Nordic Halibut, a halibut-farming company based in Norway, said in a Q2 2024 operational update that it continued to see strong pricing for its latest harvests, even though those prices dropped year over year.
The company said it experienced a planned decline in harvest weights as part of its strategy to distribute weights in response to market signals. The company had an average harvest weight in Q2 2024 of 4.5 kilograms (4.1 kilograms head-on gutted) compared to an average of 5.2 kilograms (4.7 kilograms head-on gutted) in Q2 2023.
The lower harvest weight resulted in a lower average sales prices of NOK 153 (USD 14.24, EUR 13.03) per kilogram, down 1.2 percent from Q2 2023 and down from the NOK 163 (USD 15.17, EUR 13.88) the company received per kilogram in Q1 2024.
Harvest volumes in the quarter reached 140 metric tons (MT), with total revenue in Q2 2024 reaching NOK 19.1 million (USD 1.7 million, EUR 1.6 million) – down from the 151 MT harvested and NOK 21 million (USD 1.9 million, EUR 1.8 million) brought in in Q2 2023.
The company said it plans to continue following its strategy of optimizing harvest weights in response to market signals, despite the drops in revenue.
“The overarching objective remains to optimize the utilization of available biomass, reaffirming our commitment to long-term goals, even if it entails potential impacts on short-term harvest volumes,” the company said.
Overall, though, the company, in its FY2023 results, said that it has refined its commercial strategy to focus on price premiums for larger-sized farmed halibut. That strategy has resulted in lower harvests for multiple quarters, but the company said customers have shown willingness to pay premium prices for larger halibut.
“The primary focus of Nordic Halibut's revised strategy is to leverage market preferences and price dynamics associated with larger-sized fish,” the company said. “This involves prioritizing biomass build-up with an optimal size distribution and concentrating on producing larger-sized halibut to achieve target production volumes.”
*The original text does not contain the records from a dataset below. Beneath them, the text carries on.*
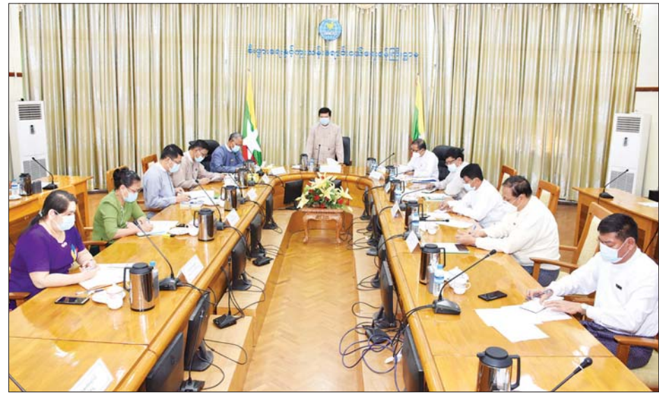
ပြည်ထောင်စုဝန်ကြီး ဒေါက်တာပွင့်ဆန်း လုပ်ငန်းညှိနှိုင်းအစည်းအဝေး၌ အမှာစကား ပြောကြားစဉ်။

ထို့နောက် ရင်းနှီးမြှုပ်နှံမှုနှင့် နိုင်ငံခြားစီးပွား ဆက်သွယ်ရေးဝန်ကြီးဌာန ပြည်ထောင်စုဝန်ကြီး ဦးအောင်နိုင်ဦးက မြန်မာနိုင်ငံ ဆန်စပါးအသင်းချုပ်က ဘင်္ဂလားဒေ့ရှ်နိုင်ငံသို့ G to G အစီအစဉ်ဖြင့် ဆန်တန်ချိန် (၁)သိန်း တင်ပို့ရောင်းချရေးနှင့်ပတ်သက်၍ လုပ်ငန်းများ အဆင်ပြေ ချောမွေ့စေရေးအတွက် Export Financing အနေဖြင့် ငွေကျပ် ဘီလီယံ (၃၀) ကို ချေးပေးခဲ့ပါကြောင်း၊ မြန်မာ Exporter များအနေဖြင့် နိုင်ငံတကာဆန်ဈေးကွက်ပြောင်းလဲမှုများကို မျက်ခြည်မပြတ်လေ့လာကာ ကြိုတင်ပြင်ဆင်မှုများ ဆောင်ရွက်သင့်ပါကြောင်း၊ မြန်မာဆန်ပြည်ပသို့ အရှိန်အဟုန်မပျက် တင်ပို့နိုင်ရေးအတွက် အစိုးရနှင့် ပုဂ္ဂလိက ပိုမိုပူးပေါင်းဆောင်ရွက်သွားကြရမည်ဖြစ်ပါကြောင်း ပြောကြားသည်။
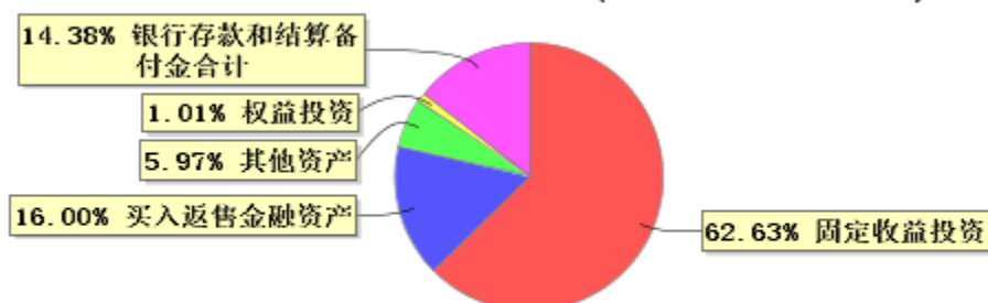
投资组合资产配置图表(2023年9月30日)

● 固定收益投资 ● 买入返售金融资产 ● 其他资产 ● 权益投资 ● 银行存款和结算备付金合计
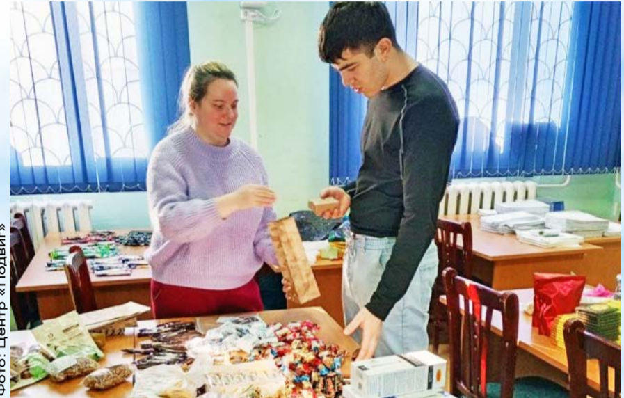
Курсанты центра «Подвиг» отправят 49 сладких наборов раненым бойцам, которые находятся на лечении в госпиталях Приморья
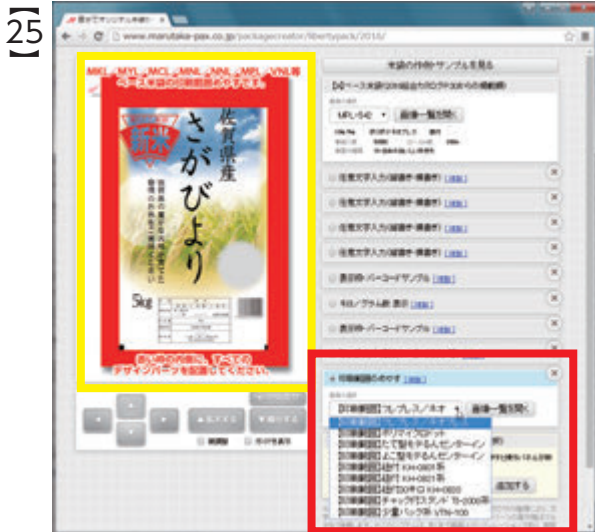
「印刷範囲のめやす」パネルの▼をクリックし、『フレブレス/ネオブレス』が選択されていることを確認します
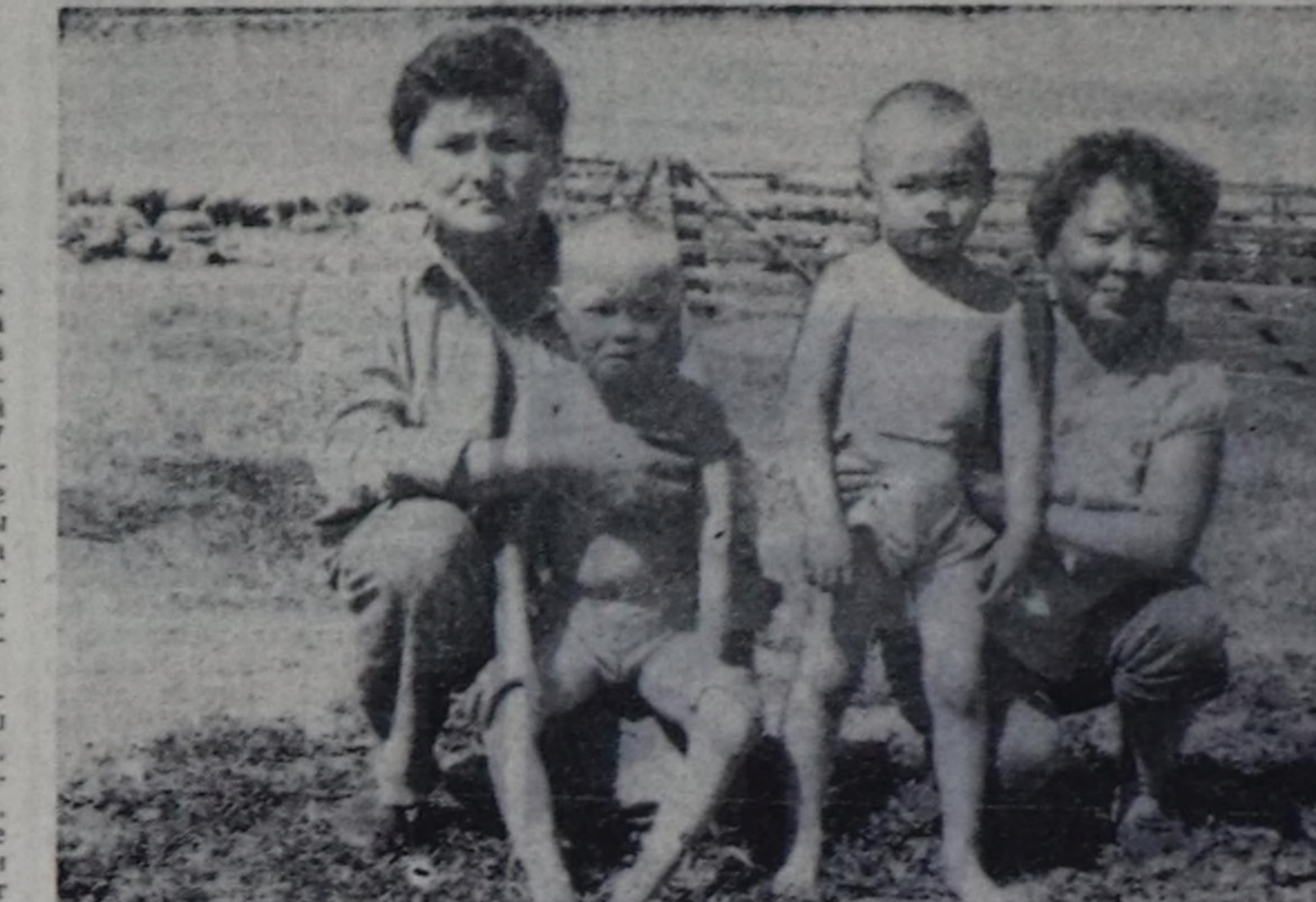
Хадмыралаа караан чаам. Юранның дурюязын ачаам Сеиден Хемчикке сураганаан эзер чазар шевир кижилерниң бирөөнү турган.
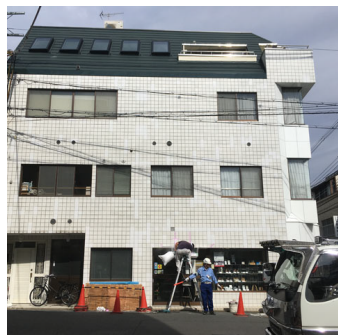
外壁・屋根等リフォームの Before→After
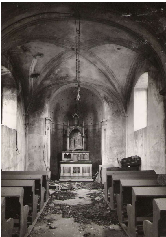
Obr. 4. Rudolice n. B., kaple Navštívení P. Marie, interiér – pohled k oltáři v roce 1967.
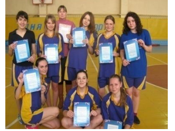
III место по баскетболу

В конце учебного года в Камышинском техническом колледже состоялся педагогический совет. На педсовете была дана оценка качества образовательного процесса, выявили отрицательные и положительные факторы.
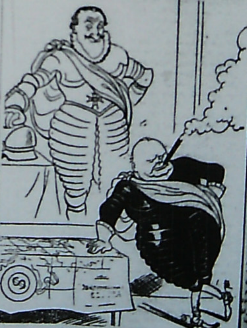
هاری دونو او و جریل دولار آقای حاشی و در شرح و زمانه سراسر اروپا را در تپه سراسر کرد ولی سراسر سوره بود تا با تپه حاشی جریل دولار هم مطبوع است به از از صفحه ۷

مستطاب فداکاره که اخیراً از طرف حکومت دیکتاتوری جرم می گردید مگر این در این بر موزان از حکومت دیکتاتوری سراسر می باید و سینه که ایجاد و به هم جریس سازه و بلافاصل آفتاب انقلاب و فعال روغن کند این ارتش پهلوی و روزنامه سرور آفتاب که با افکار مصممات و انگلیس منظر دیکتاتوری مدعی است که این همه باز و آزادی بر امان با اصول فلسطینی انکار مبارزه جبهه مطبوعات شد دیکتاتوری پهلوی تا مدتها با فلسطینی لرود و با تپه و تپه با تپه حسینی امان برای تلبیح مطبوعات آزادی لرود و با تپه و تپه با تپه و جبهه مطبوعات و معنی برای ایجاد ریش و مراغه و بلافاصله بر امداد و آری و آفتاب انقلاب و فعال می آید این ارتش و روزنامه اینگه با تپه نمود و اینگه روزنامه مبارز و آزادی فرمانده است همه سیاسی و فقهی اختلاف آری معنی دیکتاتوری پهلوی و از روی می آید و معنی دیکتاتوری و از جانب و فعال سراسر می آید و روزنامه
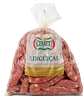
LINGUIÇA DE CARNE SUINA CERATTI
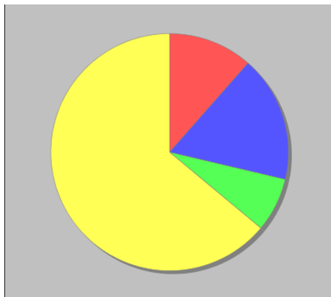
Docenti a T.I. per anzianità di ruolo

● Fino a 1 anno - 14 ● Da 2 a 3 anni - 21 ● Da 4 a 5 anni - 9 ● Piu' di 5 anni - 78
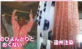
遠江のひよどりとおくない

The company said it saw an increase in price in 2023 compared to previous years, and at one point, the sales price reached an average of NOK 161 (USD 15.00, EUR 13.71) per kilogram. More importantly, the company said halibut it sold that reached above 7 kilograms fetched a price of NOK 194 (USD 18.07, EUR 16.52) per kilogram, “highlighting the importance of larger-sized fish and the adjusted commercial focus based on market signals.”
The company said in its Q2 2024 update that it expects to have higher harvest volumes with higher average weights in the second half of the year, capitalizing on that price differential.
In both its Q1 2024 update and its FY2023 update, Nordic said it is on track to reach its long-term production target of 4,500 MT of head-on-gutted halibut in 2026 and 10,350 MT by 2031. It said with the development of a new grow-out site in the second half of 2023, it has achieved a fully integrated value chain that has all the capacity it needs to meet its 2026 target.
It added that the NOK 206 million (USD 19.2 million, EUR 17.5 million) raised through a private placement and subsequent offering also enhanced its financial capacity to execute its growth plan.